Le serpent se mord la queue. Voilà comment est construit réglementairement le « cercle vicieux » qui empêche les
nationaux de pratiquer ce mode d’exploitation commercial des navires le plus répandu dans le monde. Il faut savoir
que ces règles ne sont imposables et opposables qu’aux Algériens résidents qui souhaitent investir dans ce créneau.

Monopole inversé :

La nature ayant horreur du vide, ces blocages ont donné lieu à deux phénomènes qui font très mal.

– Quelques Algériens ont décidé d’expatrier leurs capitaux et d’investir à l’étranger en créant des sociétés pour
réaliser des opérations de transport en lignes régulières sur l’Algérie par le biais de l’affrètement de navires, et ce, au
grand bonheur des pays qui les accueillent où ils créent des emplois et paient des impôts.

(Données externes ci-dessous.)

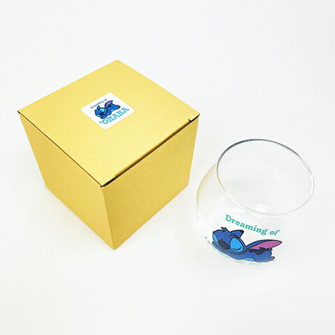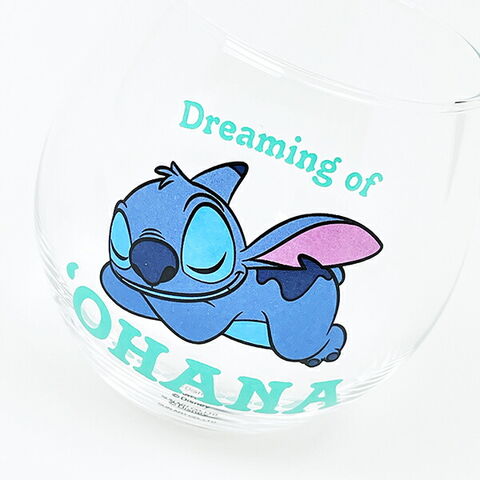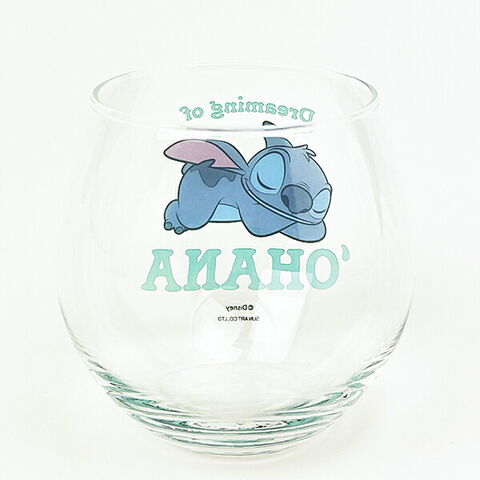 ディズニー(スティッチ)のまんまるグラスです。寝ているデザインとロゴがおしゃれ☆コロンっとしたフォルムがとってもキュートなのでプレゼントなどにもおすすめです♪

– Des étrangers, venus de toutes parts, se sont rués sur le marché algérien des transports maritimes en créant des
lignes régulières sans aucune formalité particulière, contrairement à celles imposées aux nationaux.

– Les importateurs de marchandises homogènes comme les céréales, le bois, le ciment, le rond à béton, le sucre, etc.,
passaient des contrats d’achat en coût et fret (C&F) laissant le soin au vendeur de choisir du navire et de négocier le
montant du fret maritime, montant qui sera intégré dans la facture de vente de la marchandise et transféré le plus
simplement du monde sans aucune autorisation préalable.

Compte tenu des besoins immenses en matière de moyens de transport maritime générés par les importations
massives durant les 15 dernières années, d’une part, et de l’affaiblissement de l’armement national, d’autre part, une
situation de monopole « inversé » a été créée, au profit de transporteurs étrangers, mettant le pays en danger,
sachant que presque tout est importé pour la satisfaction des besoins nationaux.

N’ayant pas de chiffres précis, mais partant du ratio coût du transport/valeur des importations, il est facile d’imaginer
les montants exorbitants qui ont fait l’objet de transfert à l’étranger.

Ainsi, avec le recul, il est possible de dire que cette situation très préjudiciable apporte un démenti cinglant aux
rédacteurs de la législation actuelle qui ont posé tous ces verrous empêchant le développement des affrètements par
les nationaux au motif de protéger le pavillon national.

De tout ce qui précède, il devient clair que l’urgence, aujourd’hui, est à la libéralisation, réelle et sans préalable, des
activités d’affrètement des navires au profit des personnes physiques de nationalité algérienne ou morales de droit
algérien détenues en majorité par des Algériens résidents.

En matière d’affrètement, la liberté des conventions est totale ; les deux parties étant considérées comme de poids
économique égal, les législations nationales n’édictent pas de règles impératives. Elles sont seulement supplétives à la
volonté des parties. Pour cela, le verrou à faire sauter se trouve dans l’article 04 du décret 08-57 du 6 février 2008
fixant les conditions et les modalités de concession d’exploitation des services de transport maritime, déjà cité plus,
notamment l’alinéa 05 qui impose comme préalable d’être armateur, condition qu’aucun Etat au monde n’impose à
ses concitoyens.

Le rôle de l’Etat consistera en le développement de la formation dans les métiers de courtage d’affrètement et de tous
les métiers annexes nécessaires afin d’éviter le recours à l’expertise étrangère.